Lt. James features Hurricane Erika which started September 3 and became a hurricane two days later. By September 8 Erika was a category three hurricane and was bearing down on Bermuda but it turned, making its closest approach to the Island some 583 kilometres east-south-east.
By September 16, Erika was extra tropical and despite being long-lived, it had spent all its life over the open sea.
Lt. James then turns his attention to Bermuda's unusual rainfall during 1997 when the Island received 1771.6 millimetres of rain -- 27.5 percent more than the average annual rainfall of 1389.3 millimetres.
Distribution was particularly uneven, he continued, with there being some very dry months and some exceedingly wet ones.
The topic of rainfall, concluded Lt. James, is a matter of very intense discussion on an Island of 138 square kilometres upon which some 60,000 people are crammed and most of them depend upon what comes off their roofs for all domestic water resources.

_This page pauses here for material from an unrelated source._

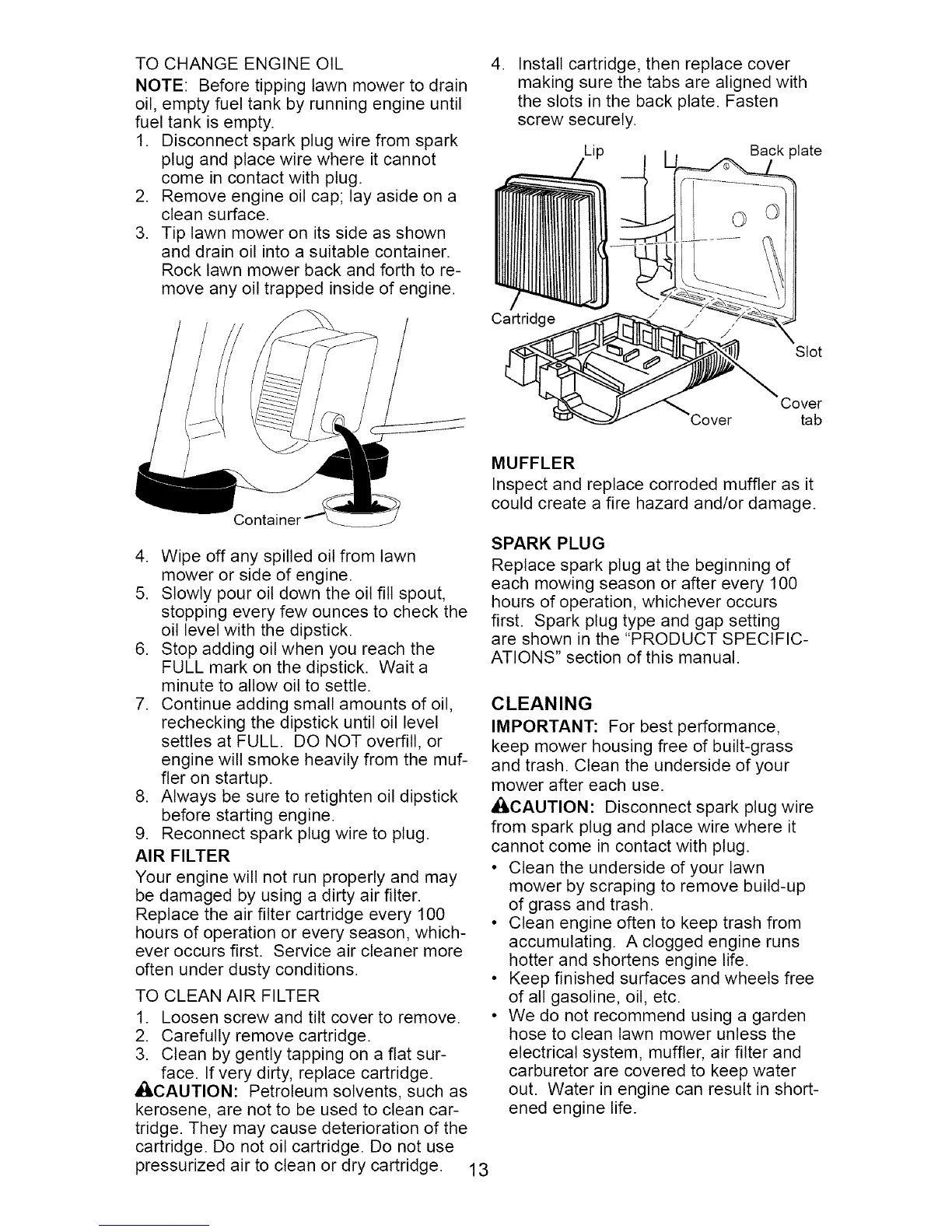 • Clean engine often to keep trash from

*** Developers of the Diversity Institute of Bermuda have applied to incorporate the innovative training programme.
Ernestine Degraff, Cummings Zuill, Stephen Emery, Kathryn Hykes, and Colette Lundy published the notice of incorporation in the Official Gazette.
The course -- which is run jointly by the Bermuda College and NTL Institute of Applied Behavioural Sciences in Washington, DC -- aims to foster greater understanding among individuals from different backgrounds.
The institute establishment was one of the goals for 1999 promoted by Sir John Swan during last year's Commencement ceremony at the Bermuda College.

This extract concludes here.